T 14:00-16:00 Mostly back to baseline. Some trailing mood elevation. Sleep (10 h, uninterrupted) was achieved at 16:30 h. Over the next days, mood elevation was maintained. Roughly 2.5 days after dosing, I noticed a mildly psychedelic state of mind and increased response to caffeine and cigarettes. There were halos around light sources, music sounded deeper and profound, euphoria manifest. I refer to this as a psychedelic recurrence, which seems to be a consistent feature of 2-BM for me.

Effect Analysis and Commentary:

I will compare this experience to the previous trial.

(1) Temporal effect evolution The onset was significantly shorter. This dose hit hard and early. The overall duration was moderately increased to about 14-16 h total. This brings it almost into the 18-20 h range of mescaline itself, though most of it stems from the slow offset. This is along one!

(2) Efficacy The effect spectrum was essentially identical to the 45 mg, which implies that the efficacy is low and rapidly converging. So, a further dose escalation is unlikely to reveal additional features and is discouraged. There are no proper visuals, its mostly headspace, touch and hearing. The headspace is moderately clear, though that’s difficult to separate from the negative body load.

(3) Dose response curve The dose response curve is strongly non-linear. Above ~ 50 mg, a dramatic increase in effect strength is noted. I might consider 65-70 mg at a later time to confirm, but not right now. This one is not a winner I’m afraid. Persons naïve to the material should do their own titration from about 40 mg upwards in 10 mg steps. Perhaps this is one of those compounds with a broad variability in susceptibility.

(4) Side effects Generally, the cardiotoxicity appears to be low to moderate. However, there is a significant body load in the high-dose regime. In the comment section of my last report there was some talk about a lower body load in the halo-mescalines. This turned out to be false. I would compare the side effects of 2-BM equal in strength and symptoms to 300-350 mg of mescaline, and I would always prefer the latter. (Mescaline is, along with DMT, my all time favourite psychoactive substance, so this is not a surprise...)

(5) Anorexia and the 2-phase-splitting of the peak are either inconsistent features or unique to the low-dose regime.

(6) After effects This compound reliably produces long-lasting anti-depressant effects and psychedelic recurrences. I speculate that is might be a valuable medication. If the patient requires only 2 applications per week, the side-effects and drug-drug interactions would be significantly reduced compared to standard treatment.

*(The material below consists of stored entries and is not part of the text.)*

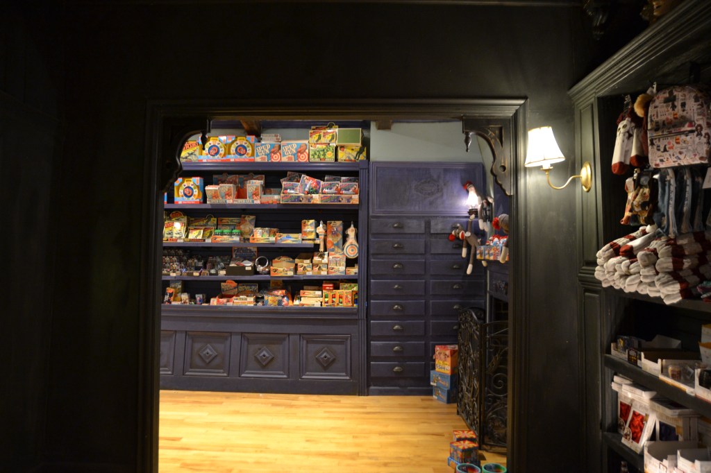 Most of the nostalgic toys were in those rooms. They had music playing. I believe it was from the Harry Potter movies which I also have never watched. I have seen bits and pieces of it in trailers but I never watched the series, either have my kids. Their grandpa got the whole series for them, and my daughter tried to watch one but she didn’t really get into it. Also that vampire series, what was it called…with a bunch of teenage vampires and wolves. My kids never got into that either…now Star Wars…WOW…big Star Wars nerds, and I write that lovingly. We all love watching Star Wars.
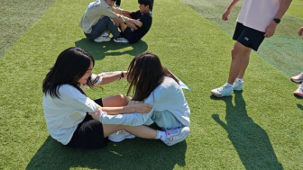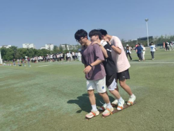 袋鼠跳:两人接力中,队员雷佳乐与蓝禄宝稳健跳跃,平衡技巧与速度并存,夺得团体第一,赢得队员阵阵喝彩。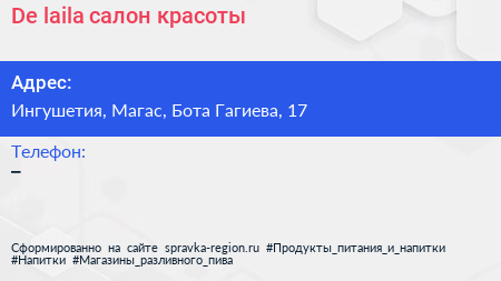 De laila, салон красоты по адресу Ингушетия, Магас, Бота Гагиева, 17 в дальнейшем Организация, размещена в следующих категориях: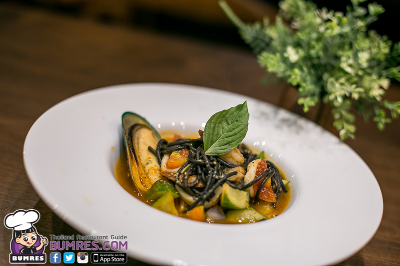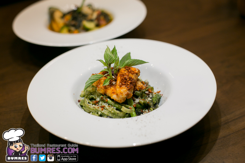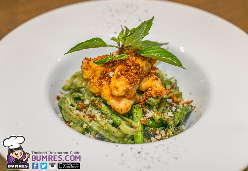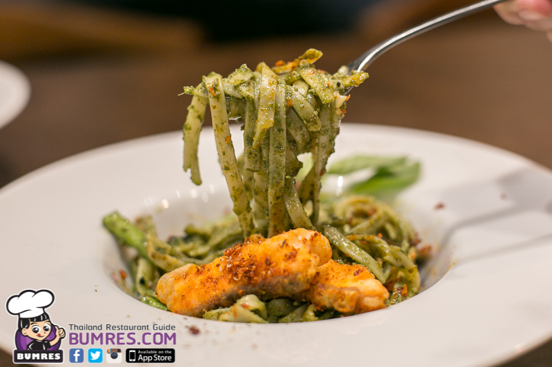 เป็นการผสมผสานระหว่างอาหารอิตาเลียนและอาหารไทย เพราะการทำเพสโต้แน่นอนว่าคือมาจากอิตาเลียน แต่แซลมอนสไปซี่ที่วางอยู่ด้านบนเนี่ยเข้มข้นตาตำรับไทยเลย จานนี้บอกเลยว่าอร่อยครับ กลิ่นหอม ได้กลิ่นหอมของ Basil ในเพสโต้ กลิ่นพริกและกระเทียมคั่ว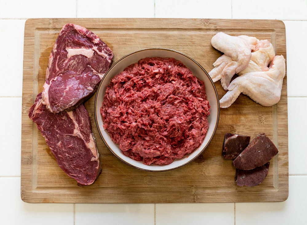 A balanced raw meal, containing 80% meat, 10% bone and 10% offal.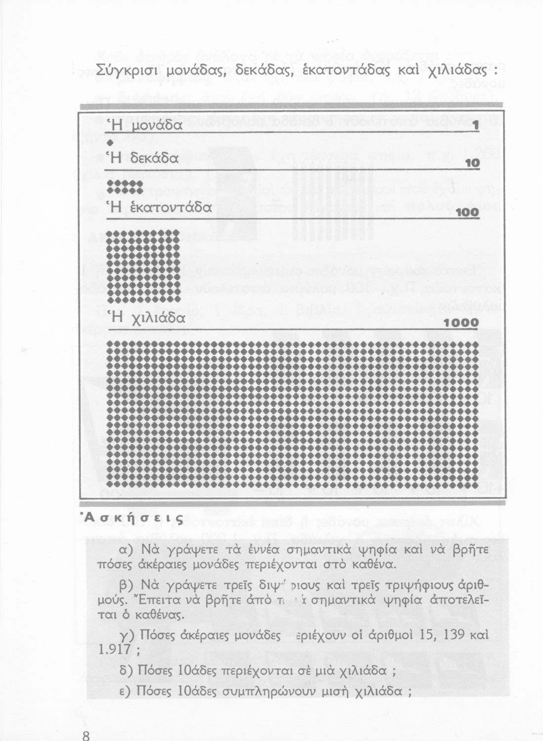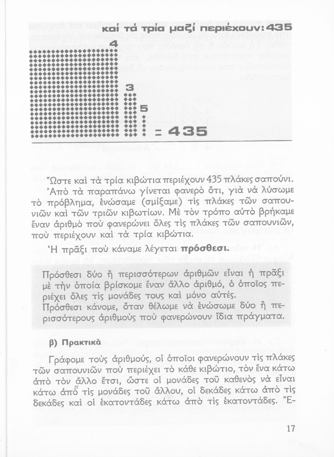 Βαθμίδα εκπαίδευσης: Πρωτοβάθμια Τάξη: Δ' Δημοτικού Μάθημα: Μαθηματικά Γλώσσα: Δημοτική Παρουσίαση περιεχομένου: Σχολικό εγχειρίδιο Αριθμητικής Δ΄ Δημοτικού χωρισμένο σε πρακτικά προβλήματα και τις λύσεις τους που περιλαμβάνει και κάποια στοιχεία Γεωμετρίας. |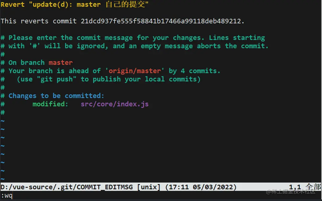 因为 revert 会生成一条新的提交记录,这时会让你编辑提交信息,编辑完后 :wq 保存退出就好了。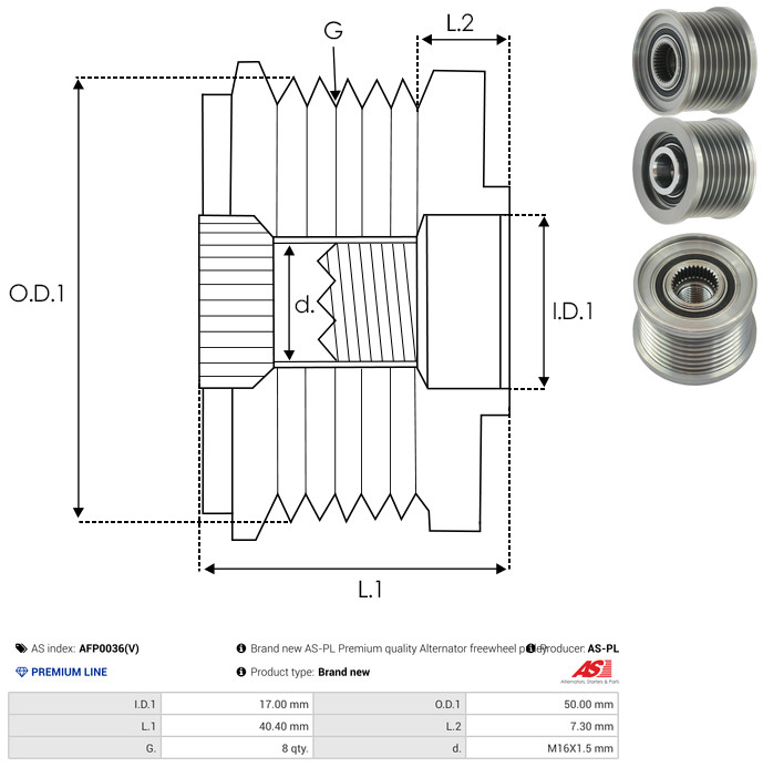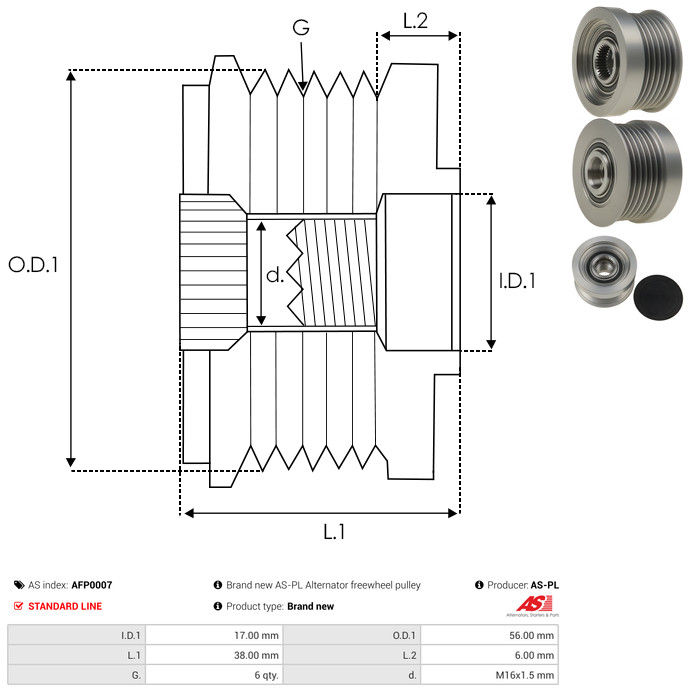 AS-PL Generatorfreilauf AFP0036(V) für MERCEDES-BENZ 6291500160 6291500060 A6291500160

This requires further investigation in a proper clinical trial, a promising compound! The psychedelic recurrence might be linked to MAOI activity. Having been able to witness the full effect spectrum of 2-BM, I feel confident to rank it on my Jacob’s ladder of psychedelics: It’s certainly above 2C-N, 2C-C, and 5-MeO-MiPT; about equal to DET (but no substitute!); perhaps slightly inferior to 2C-D. Not good not horrible.

Result:

60 mg affords a strong low-efficacy experience with onset 20-40 min, peak 3-4 h min, total duration 10-16 h. The cardiovascular safety profile is favourable, other side effects such as nausea and diarrhea are discouraging for recreational usage. 2-BM is probably best suited as a medication for the clinically depressed in the lower dosage regime, with low potential for abuse.